=== Directions ===
In the material below, find the line with "نظام متجر إلكتروني" and the line with "Anta Solid Color", then output both and every line between them exactly, omitting pictures.

-- Data records follows --

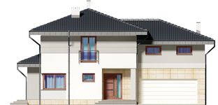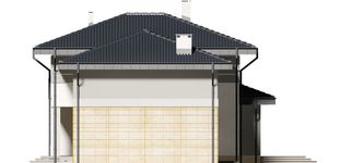 Graficzne opracowanie rzutów poglądowych widocznych na karcie projektu zostało wykonane przez Extradom.pl. Prezentowane przez Extradom.pl wizualizacje wykonane zostały przez autora projektu i należy poczytywać je jedynie za przykład i propozycję wykończenia, wizję architektoniczną autora projektu. Ostateczne wykończenie budynku może nastąpić na wiele sposobów. Szczegółowe rozwiązania zastosowane w oferowanej dokumentacji - w tym również ilość, lokalizacje i wygląd okien, drzwi, kominów - mogą w niewielkim stopniu różnić się od prezentowanej wizualizacji budynku.
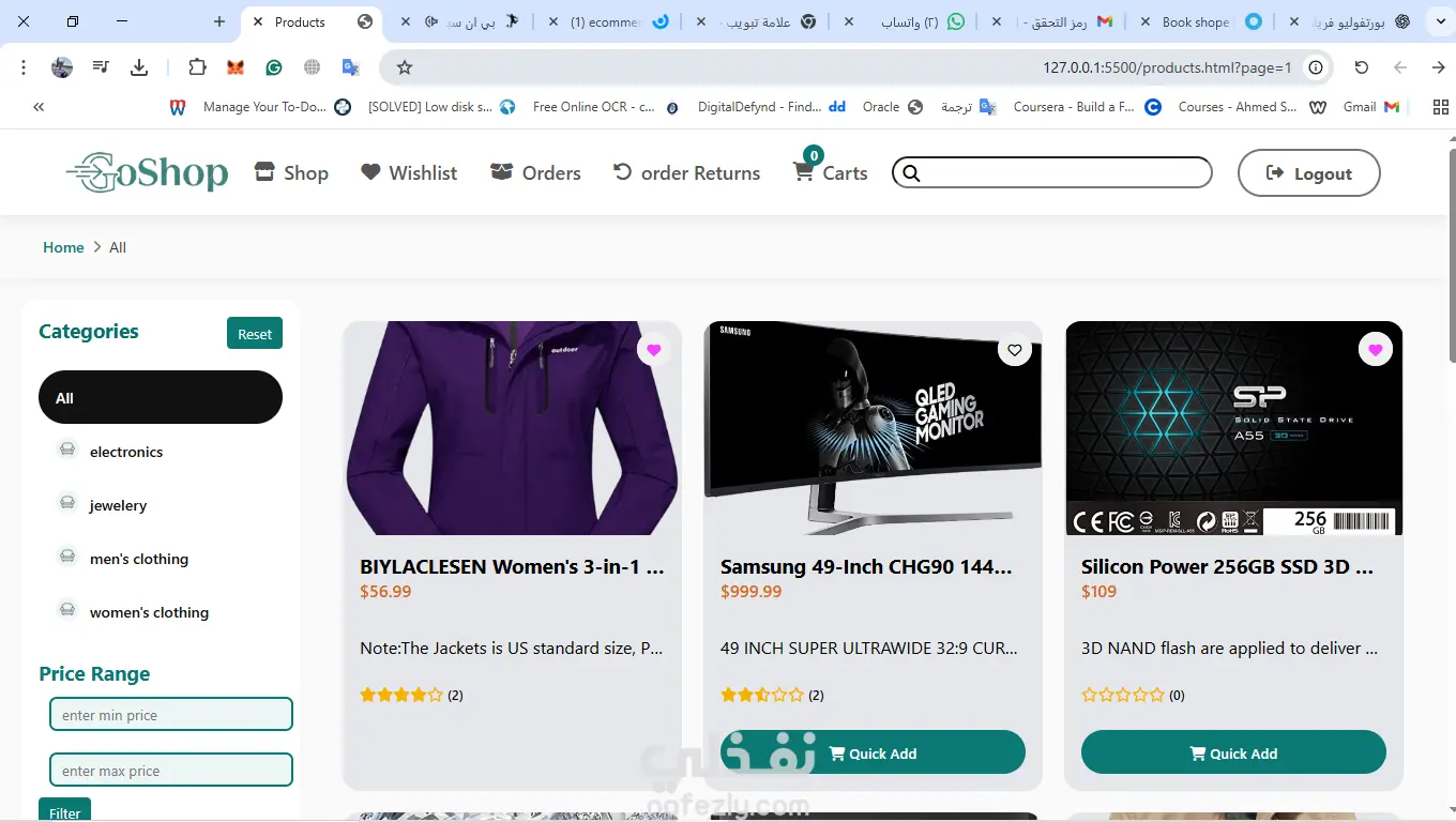 نظام متجر إلكتروني متكامل مع بوابة دفع ولوحة تحكم
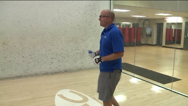 Brian hits the court to learn how to play handball
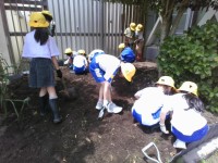 お昼は広場で碧っ子、船峅っ子が一緒になってお弁当を食べました。照れながら話しか...
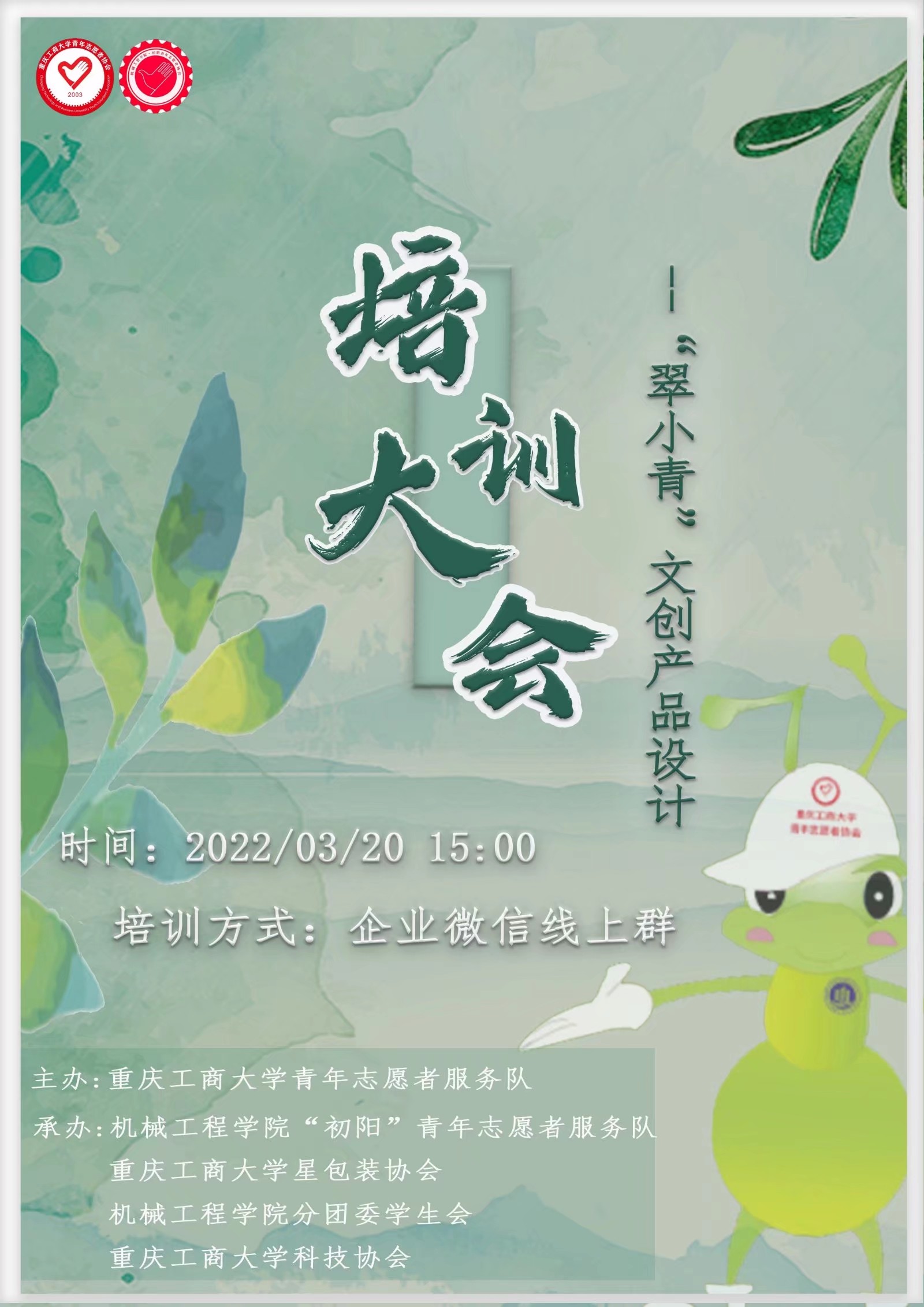 为助力校团委CTBU“翠小青”志愿服务品牌文创产品设计大赛顺利进行,2022年3月20日,公司“初阳”青年志愿者服务队和星包装协会面向全校员工开展PS、C4D软件线上培训活动。此次活动由校青协和“初阳”青年志愿者服务队主办,星包装社团承办。
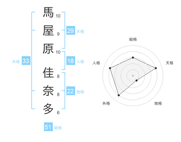 馬屋原 佳奈多さんの総格は51画の3点!
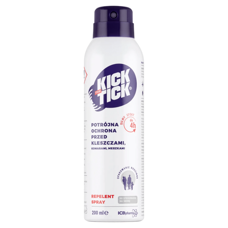 Bez DEET, delikatna formuła, minimalne wchłanianie przez skórę i przyjemny zapach to cechy, które czynią Kick the Tick odpowiednim dla dzieci od 3 roku życia oraz dorosłych. Wydajny 200 ml spray wystarcza na cały sezon!
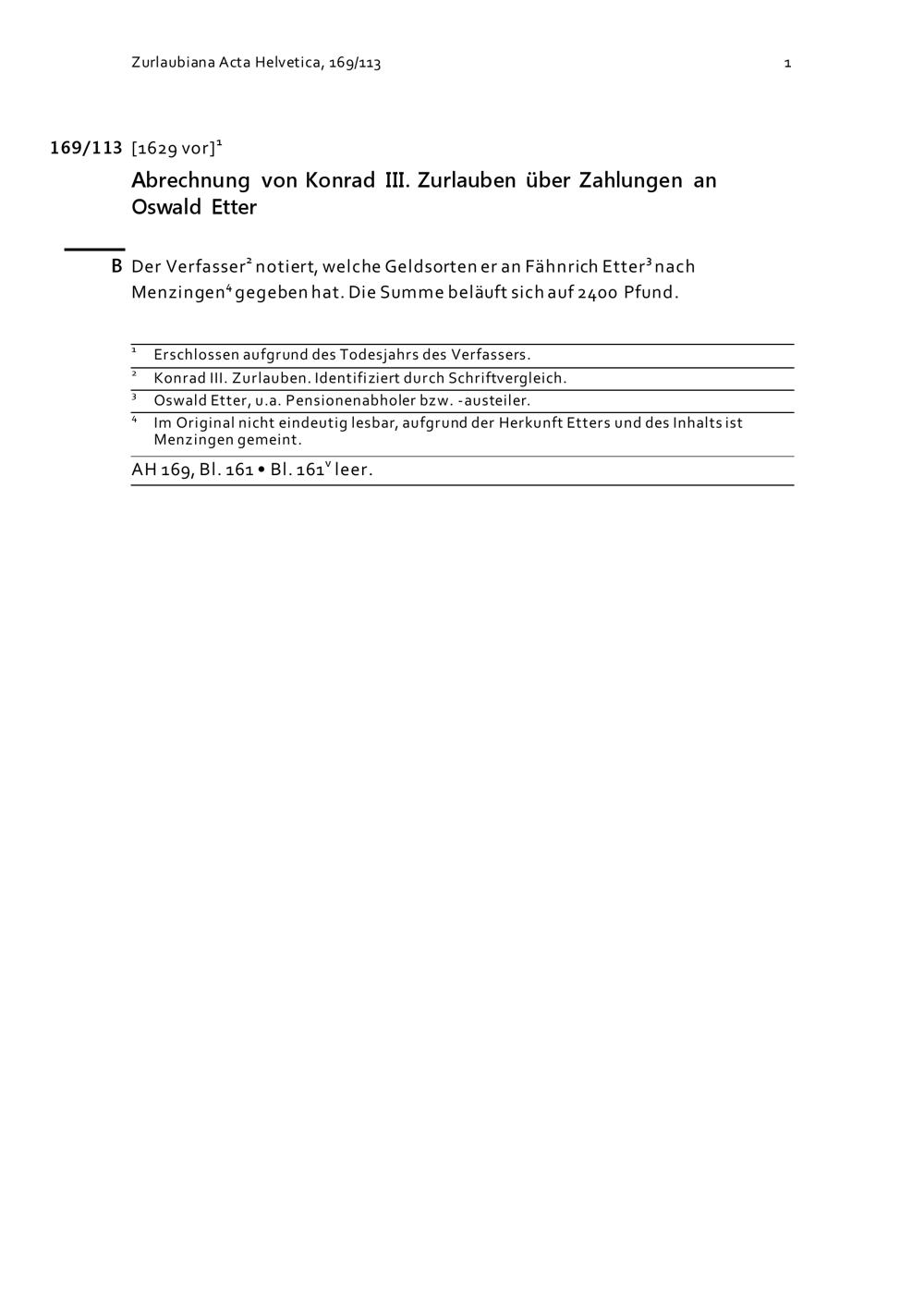 Abrechnung von Konrad III. Zurlauben über Zahlungen an Oswald Etter
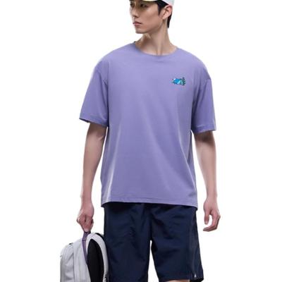 Anta Solid Color Round Neck Pullover Short Sleeve T-Shirt Unisex Tops Light-Water-Purple 152328107-2
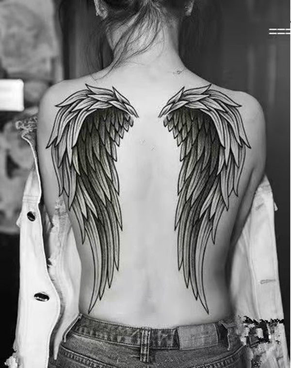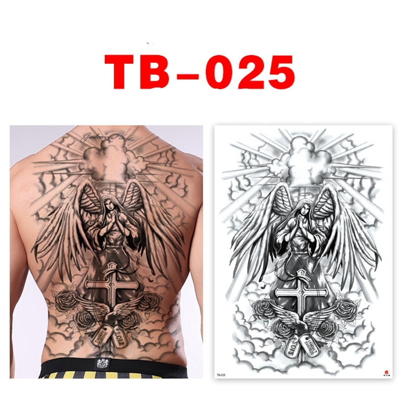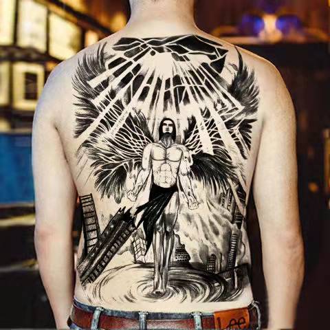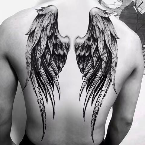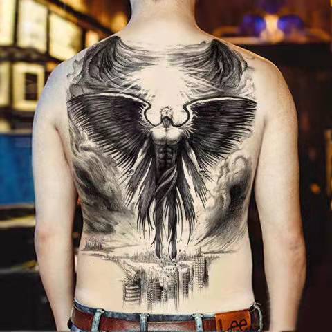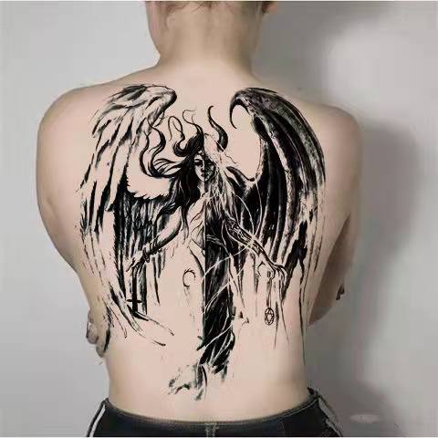 New Full Back Temporary Tattoo Stickers Men and Women Waterproof Personality Angel Devil Wings Art Fake Tattoo Black Tattoo Set
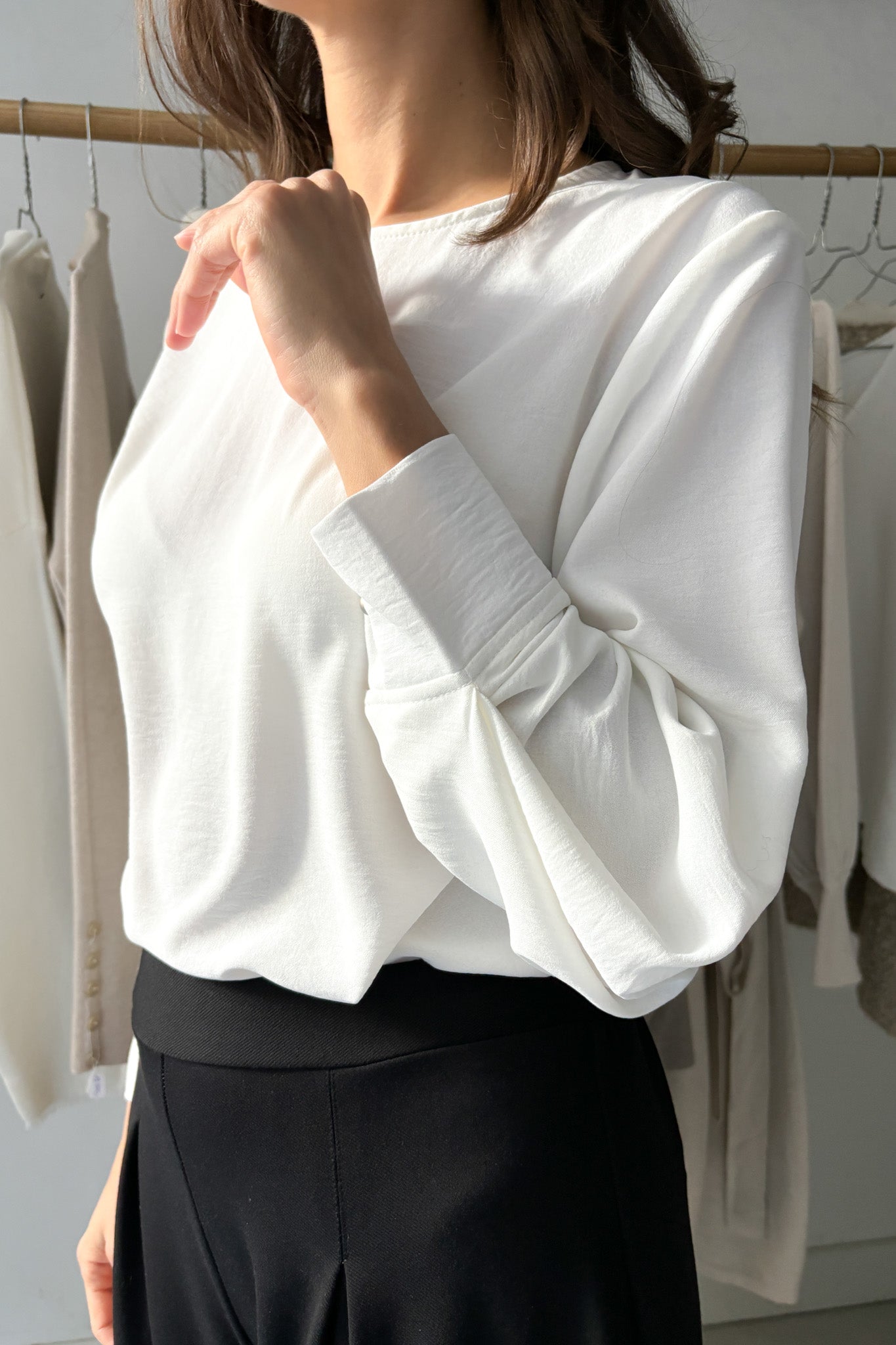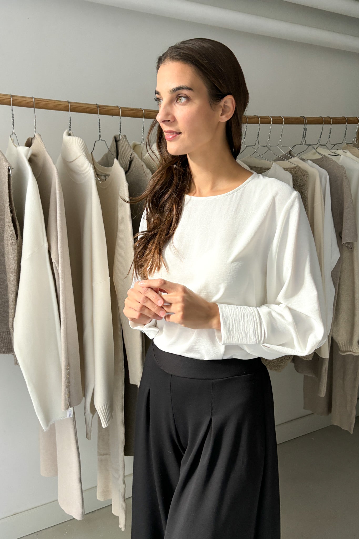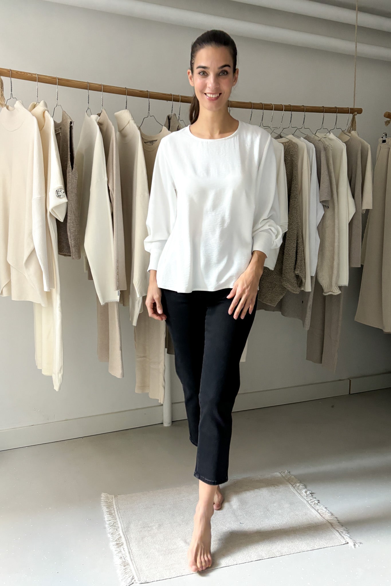 Vékony, lágy esésű anyag. Kerek nyakú, egyenes szabású blúz, melyet különleges ujjmegoldása tesz egészen egyedivé. Egyméretes, 34-38-es konfekcióméreteket fed le. Gépben 30 fokon mosható.
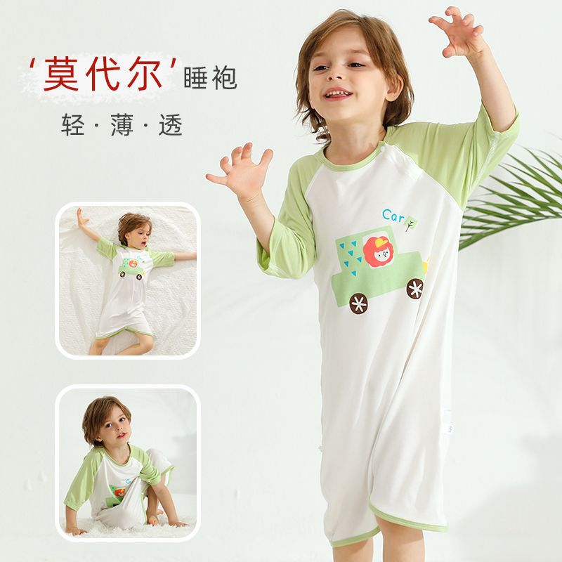 2024 children's nightgown modal summer baby short-sleeved pajamas home air conditioning clothes nightdress jumpsuit anti-cold
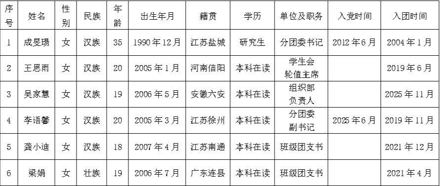 根据《关于做好共青团av女优 第四次代表大会代表选举工作的通知》(南财团字〔2025〕18号)的要求,经过基层团支部酝酿讨论,按照多于代表名额20%的要求,充分发扬民主,广泛征求意见,拟确定成旻瑒、王思雨等6人为共青团av女优 第四次代表大会代表候选人预备人选,现予以公示。
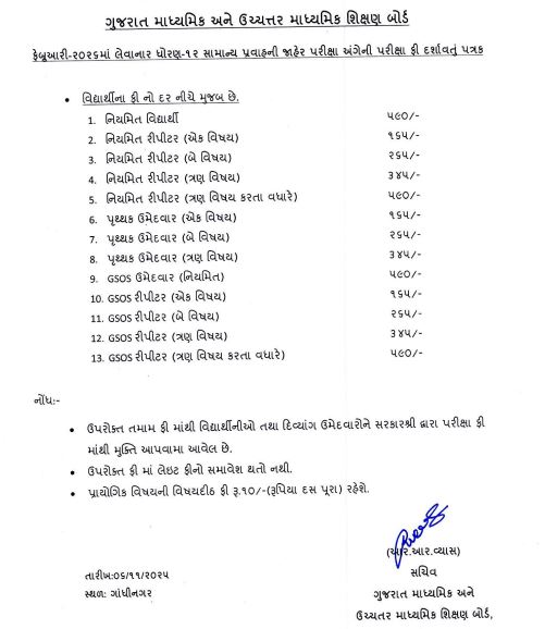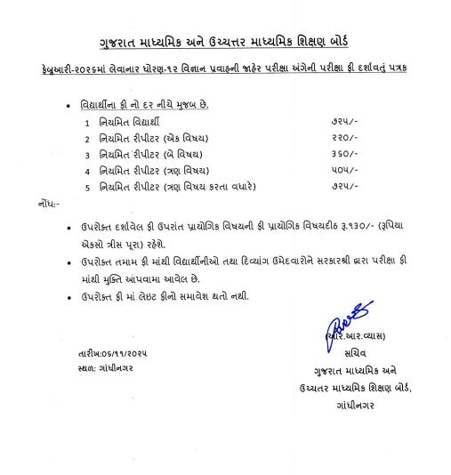 પરીક્ષા ફોર્મ ભરવાની વાત કરવામાં આવે તો, બોર્ડની પરીક્ષાના ફોર્મ બોર્ડની સત્તાવાર વેબસાઈટ પર તારીખ 07 નવેમ્બરથી શરૂ કરી દેવામાં આવ્યાં છે. ફોર્મ ભરવાની આ પ્રક્રિયા આગામી 06 ડિસેમ્બરે રાત્રે 12:00 સુધી ચાલુ રહેશે. આ દરમિયાન દરેક પરીક્ષાર્થીએ પરીક્ષા ફોર્મ અને ફી કરવાની રહેશે.

-- Data records concluded --

=== Worked solution ===
 نظام متجر إلكتروني متكامل مع بوابة دفع ولوحة تحكم
 Brian hits the court to learn how to play handball
 お昼は広場で碧っ子、船峅っ子が一緒になってお弁当を食べました。照れながら話しか...
 为助力校团委CTBU“翠小青”志愿服务品牌文创产品设计大赛顺利进行,2022年3月20日,公司“初阳”青年志愿者服务队和星包装协会面向全校员工开展PS、C4D软件线上培训活动。此次活动由校青协和“初阳”青年志愿者服务队主办,星包装社团承办。
 馬屋原 佳奈多さんの総格は51画の3点!
 Bez DEET, delikatna formuła, minimalne wchłanianie przez skórę i przyjemny zapach to cechy, które czynią Kick the Tick odpowiednim dla dzieci od 3 roku życia oraz dorosłych. Wydajny 200 ml spray wystarcza na cały sezon!
 Abrechnung von Konrad III. Zurlauben über Zahlungen an Oswald Etter
 Anta Solid Color Round Neck Pullover Short Sleeve T-Shirt Unisex Tops Light-Water-Purple 152328107-2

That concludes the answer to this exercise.